Common Session States
Section titled “Common Session States”- Running
- Agent is actively producing output or executing work.
- Waiting
- Agent is waiting for a tool, model, or external process.
- Blocked
- Agent needs human input or cannot proceed safely.
- Idle
- Session is available but not currently progressing.
- Human
- A user decision or remote response is needed.
- Agent
- A worker or brain session reported state through MCP.
Managed vs. Local Runtime Sessions
Section titled “Managed vs. Local Runtime Sessions”| Session type | How it appears | What Jarvis usually knows | Typical use |
|---|---|---|---|
| Managed session | Started from Jarvis UI | runtime, launch intent, session metadata, follow-up control | New work you want Jarvis to supervise end to end |
| Local runtime session | Discovered after it already exists | runtime identity and observable state, with control depending on runtime and attachment safety | Ongoing work you started manually and now want to inspect or bring under supervision |
Failure Modes
Section titled “Failure Modes”Session OS is designed to degrade gracefully, but a few failure modes matter:
- Runtime unavailable: the CLI exists in theory, but Jarvis cannot launch or attach to it from the current machine state.
- Discovered but not controllable: Jarvis can see a local runtime session, but safe follow-up control is limited.

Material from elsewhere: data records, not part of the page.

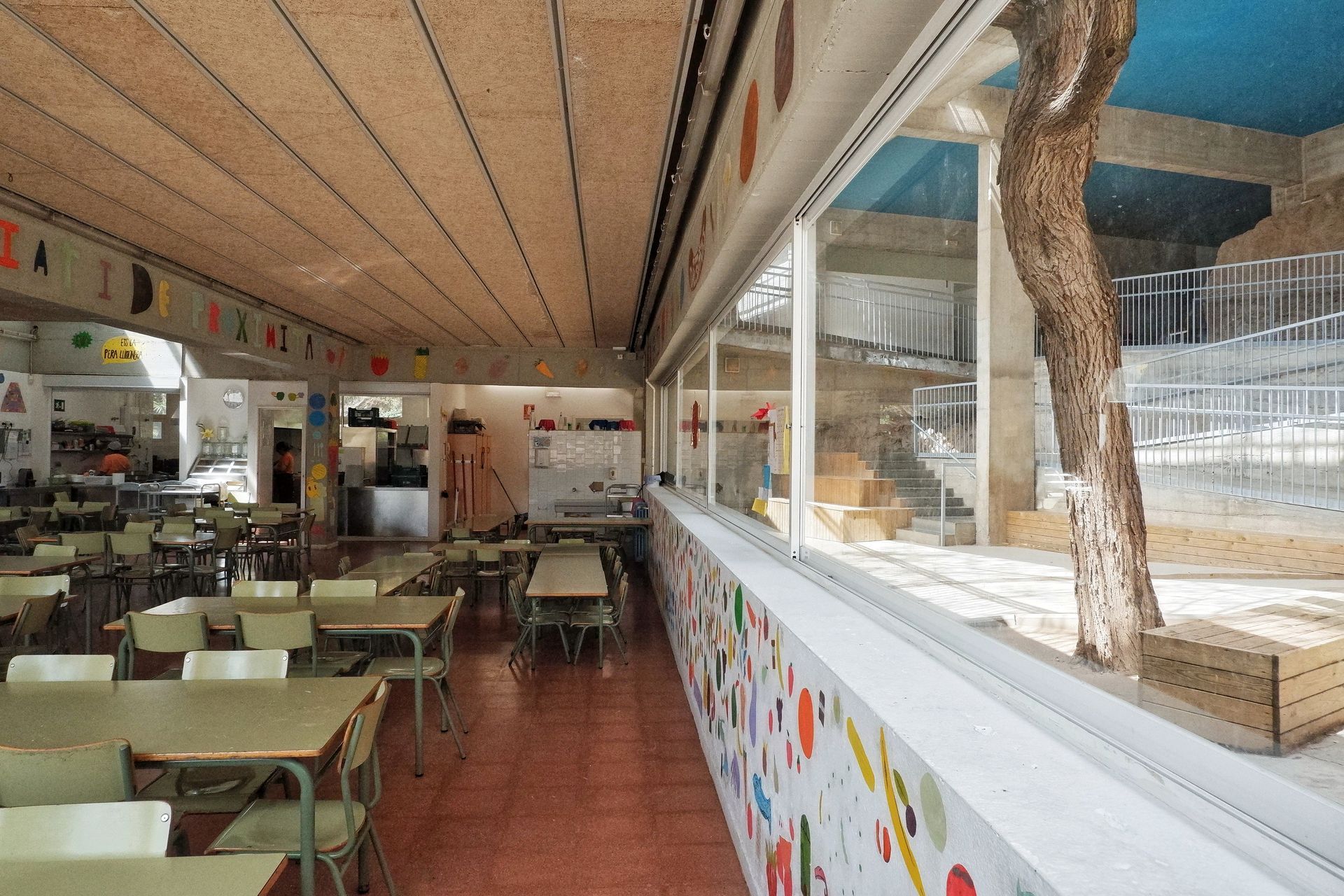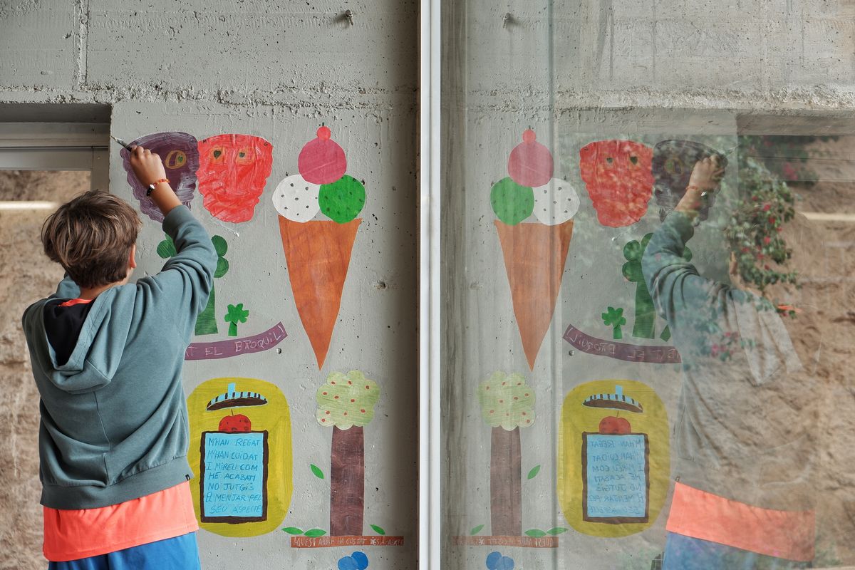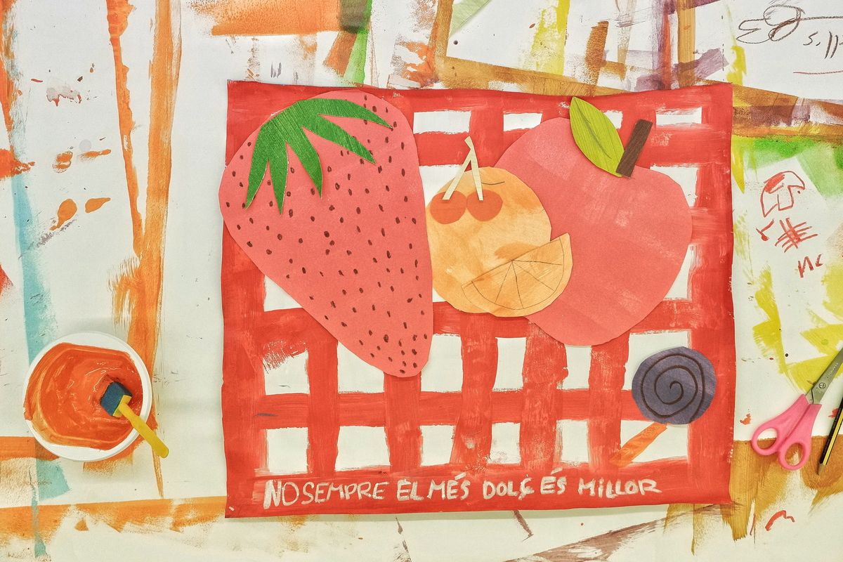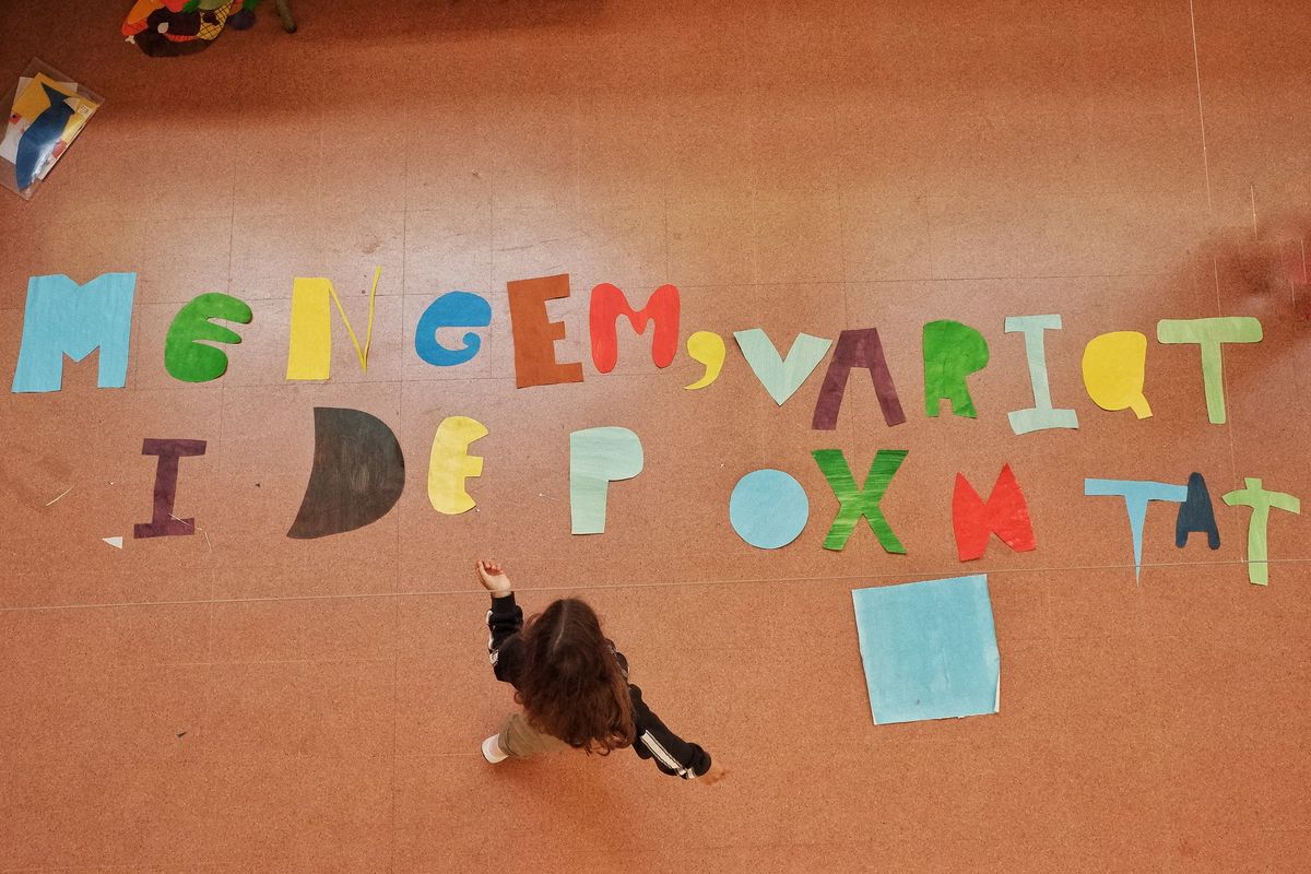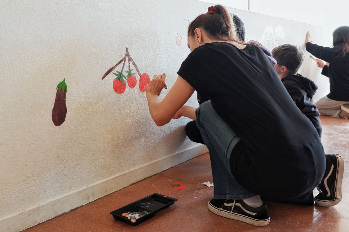 Aquesta primera impressió del lloc no la transmetia únicament l’espai, sinó també qui l’habita i el fa funcionar. El dia a dia de l’escola es nodria de gestos i iniciatives orientades a reforçar valors compartits i tenir cura del seu entorn. Entre elles va sorgir la proposta de l’Eva, la cuinera, de decorar el menjador amb un lema que convidés a reflexionar sobre el malbaratament alimentari.
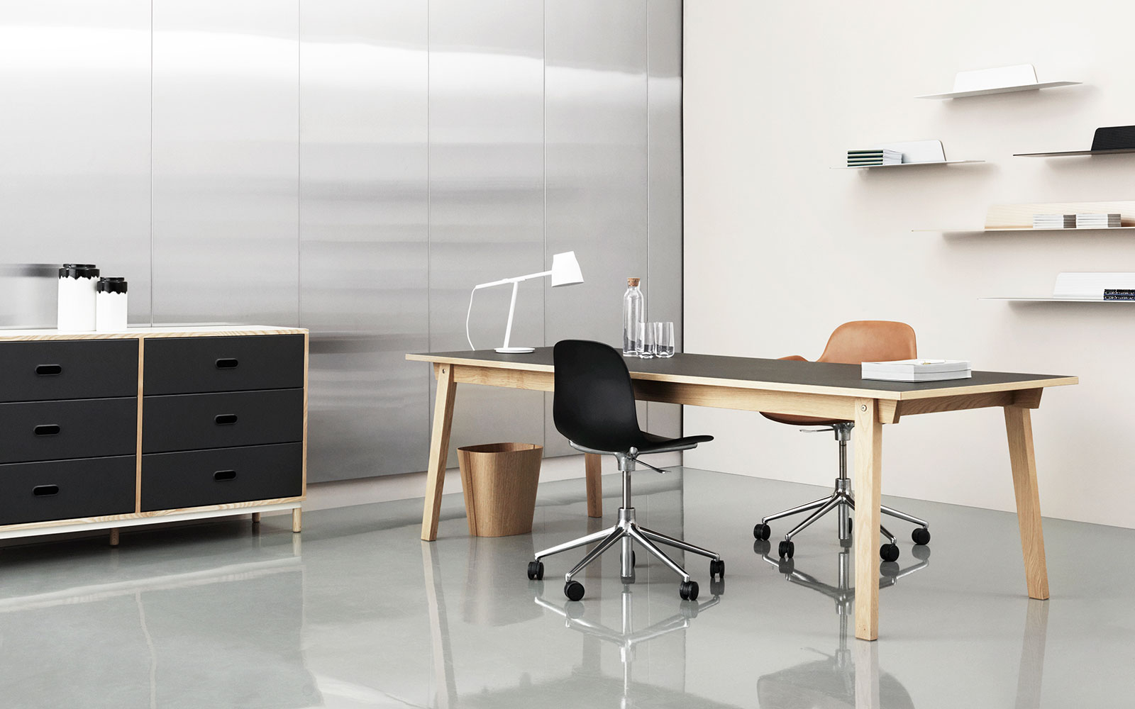 From the small entrepreneur's workshop to sizeable corporate offices, clever workspaces should make way for big and bright ideas. Our collection offers smart storage solutions, comfortable seating and adjustable light sources that offer a vigorous and playful approach to professional environments.
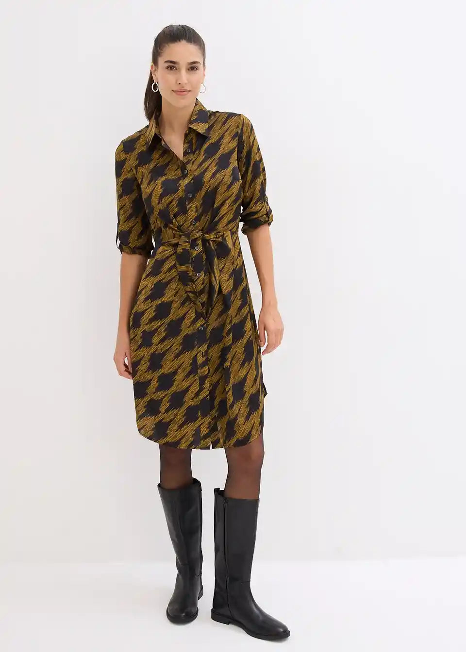 Schönes Satin Hemdblusenkleid mit modernen Leo-Druck
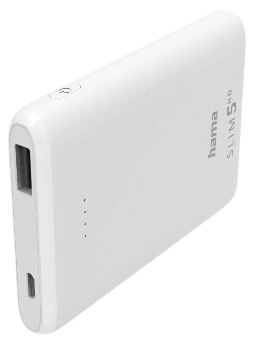 hama SLIM 5HD Powerbank 5.000 mAh weiß

- Status drift: a runtime can stop responding before the UI catches up, so a session may briefly look active until discovery or cleanup logic reconciles it.
- Missing progress reports: a worker may continue running even when no MCP report arrives for a while. In that case, the summary capsule becomes the main source of truth.
- Human decision bottleneck: a worker can remain blocked until someone answers the question or dispatches the next instruction.
The important design point is that loss of one signal does not erase the session record. Jarvis keeps the session visible even when one control path is degraded.